Find below short descriptions and links to the reports for the two projects I completed as part of a one term nanodegree in Natural Language Processing with Udacity (April 2020 - June 2020). In this program, I learned and put in practice the concepts behind natural language processing and speech recognition, including machine translation, part of speech tagging, and sentiment analysis.

Part of Speech Tagging

Part of speech tagging is the process of determining the syntactic category of a word from the words in its surrounding context. It is often used to help disambiguate natural language phrases because it can be done quickly with high accuracy. Tagging can be used for many NLP tasks such as for information retrieval or for word sense disambiguation.

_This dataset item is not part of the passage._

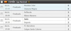 Resultados y Clasificación Liga Nacional Fútbol Sala (Partidos disputados este Sabado)

The project is built on a template provided by Udacity. The approach uses the Pomegranate library to build a Hidden Markov Model (HMM) for part of speech tagging using an 'universal' tag set. Hidden Markov models have been able to achieve more than 96% tag accuracy with larger tag sets on realistic text corpora. These models have also been used for speech recognition and speech generation, machine translation, and human gesture recognition for computer vision, and more.

There are two taggers constructed in this project. First a Most Frequent Class tagger to use as a baseline is built. A good baseline for tagger performance is to simply choose the tag most frequently assigned to each word. This 'most frequent class' tagger inspects each observed word in the sequence and assigns it the label that was most often assigned to that word in the corpus.

The HMM tagger has one hidden state for each possible tag, and is parameterized by two distributions: the emission probabilities giving the conditional probability of observing a given word from each hidden state, and the transition probabilities giving the conditional probability of moving between tags during the sequence.

This presentation is using Jupyter Notebook with a Python 3 kernel, using Pomegranate library.

Link: POS Tagging

Machine Translation Project

In this notebook (part of it provided by Udacity) I build a deep neural network that functions as part of an end-to-end machine translation pipeline. The completed pipeline accepts English text as input and returns the French translation. The project has three parts:

  • Preprocess - convert text to sequence of integers.
  • Models - create several deep neural networks which accept a sequence of integers as input and return a probability distribution over possible translations.
  • Prediction - run the model on English text sample.

There are four models built in this project:

  • a simple RNN,
  • a RNN with Embedding (from Keras),
  • a Bidirectional RNN,
  • an Encoder - Decoder RNN.

This project requires GPU acceleration to run efficiently. The project is written in: Python 3, NumPy, TensorFlow 1.x, Keras 2.x.